**Problem description**
For this listing, reproduce the line with "タグホイヤーの人気シリーズ「", the line with "Jockstrapy w kolorystyce", and the lines between, exactly as they stand. Leave out pictures and all other lines.

**Dataset extract**
· · · · ·

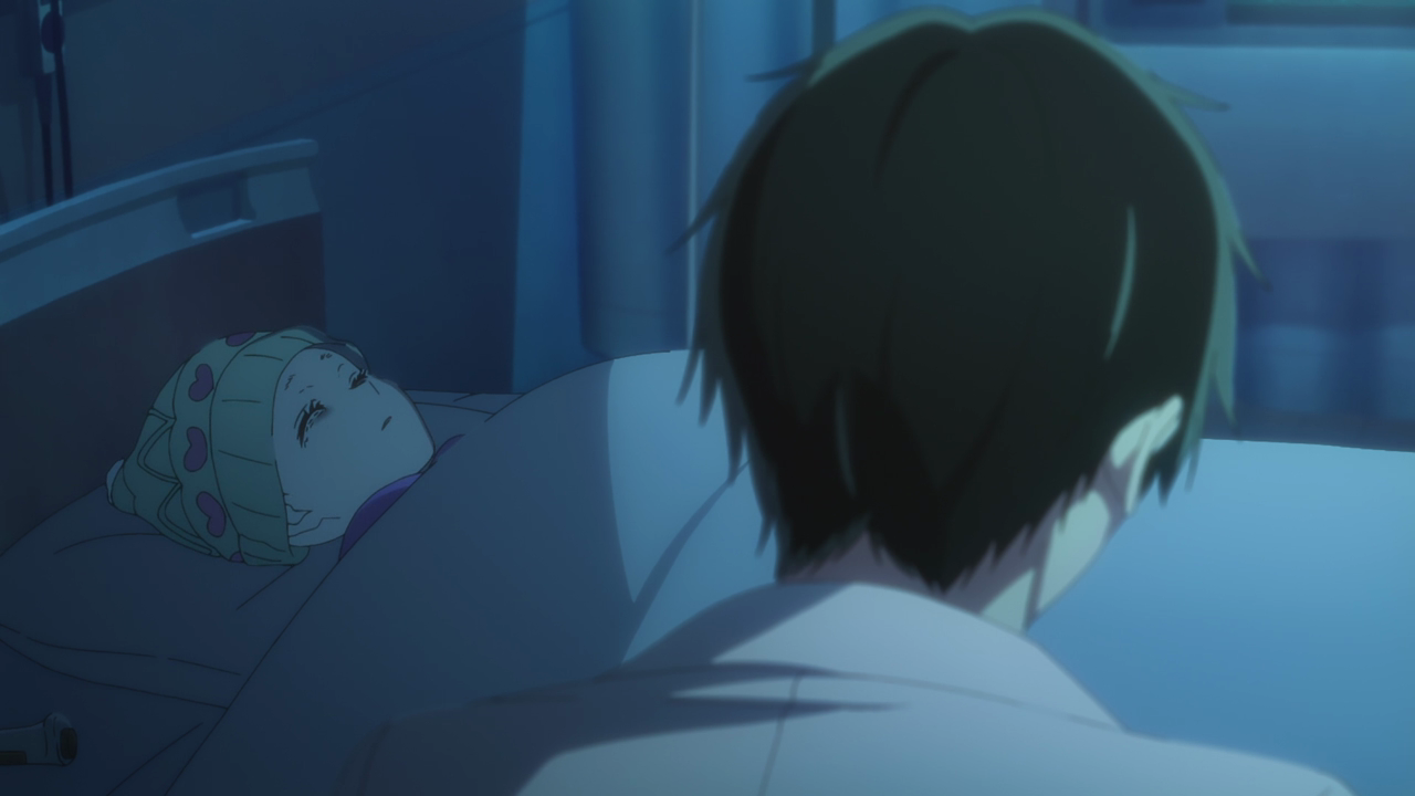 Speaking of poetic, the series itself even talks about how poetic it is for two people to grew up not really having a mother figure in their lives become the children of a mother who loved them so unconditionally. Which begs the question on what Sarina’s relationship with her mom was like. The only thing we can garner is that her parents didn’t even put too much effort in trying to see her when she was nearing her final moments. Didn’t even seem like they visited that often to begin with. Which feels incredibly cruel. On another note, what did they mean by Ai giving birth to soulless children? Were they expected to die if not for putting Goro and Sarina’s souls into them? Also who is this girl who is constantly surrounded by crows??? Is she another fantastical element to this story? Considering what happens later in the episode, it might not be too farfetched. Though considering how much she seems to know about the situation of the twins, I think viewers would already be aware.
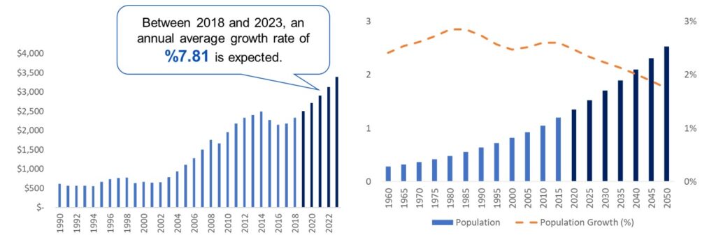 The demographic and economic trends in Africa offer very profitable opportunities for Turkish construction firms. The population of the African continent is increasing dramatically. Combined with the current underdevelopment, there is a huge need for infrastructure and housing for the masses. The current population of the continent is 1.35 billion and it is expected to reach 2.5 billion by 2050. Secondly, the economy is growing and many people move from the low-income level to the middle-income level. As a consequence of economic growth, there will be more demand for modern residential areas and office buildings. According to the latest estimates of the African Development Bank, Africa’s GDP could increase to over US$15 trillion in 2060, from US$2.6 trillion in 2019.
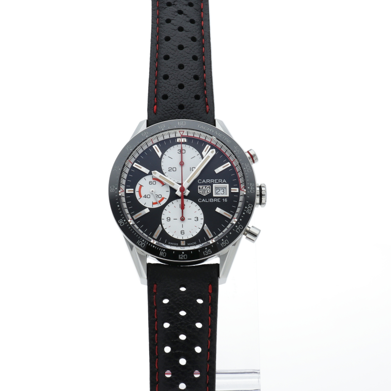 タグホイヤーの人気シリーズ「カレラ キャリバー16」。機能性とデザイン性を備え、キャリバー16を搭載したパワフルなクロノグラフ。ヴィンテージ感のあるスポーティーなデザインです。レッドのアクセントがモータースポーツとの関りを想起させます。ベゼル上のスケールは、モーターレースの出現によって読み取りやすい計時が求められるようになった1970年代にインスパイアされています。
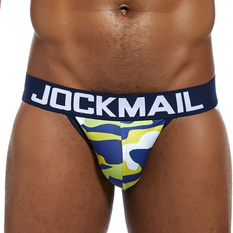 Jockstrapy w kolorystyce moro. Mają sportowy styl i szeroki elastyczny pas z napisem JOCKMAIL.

· · · · ·

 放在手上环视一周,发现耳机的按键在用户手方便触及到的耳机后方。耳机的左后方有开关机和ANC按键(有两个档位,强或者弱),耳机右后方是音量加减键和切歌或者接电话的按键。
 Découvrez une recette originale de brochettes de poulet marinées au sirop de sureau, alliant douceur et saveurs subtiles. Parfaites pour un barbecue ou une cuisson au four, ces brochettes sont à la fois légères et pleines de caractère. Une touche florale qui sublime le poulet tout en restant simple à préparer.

· · · · ·

**Your solution**
 タグホイヤーの人気シリーズ「カレラ キャリバー16」。機能性とデザイン性を備え、キャリバー16を搭載したパワフルなクロノグラフ。ヴィンテージ感のあるスポーティーなデザインです。レッドのアクセントがモータースポーツとの関りを想起させます。ベゼル上のスケールは、モーターレースの出現によって読み取りやすい計時が求められるようになった1970年代にインスパイアされています。
 Jockstrapy w kolorystyce moro. Mają sportowy styl i szeroki elastyczny pas z napisem JOCKMAIL.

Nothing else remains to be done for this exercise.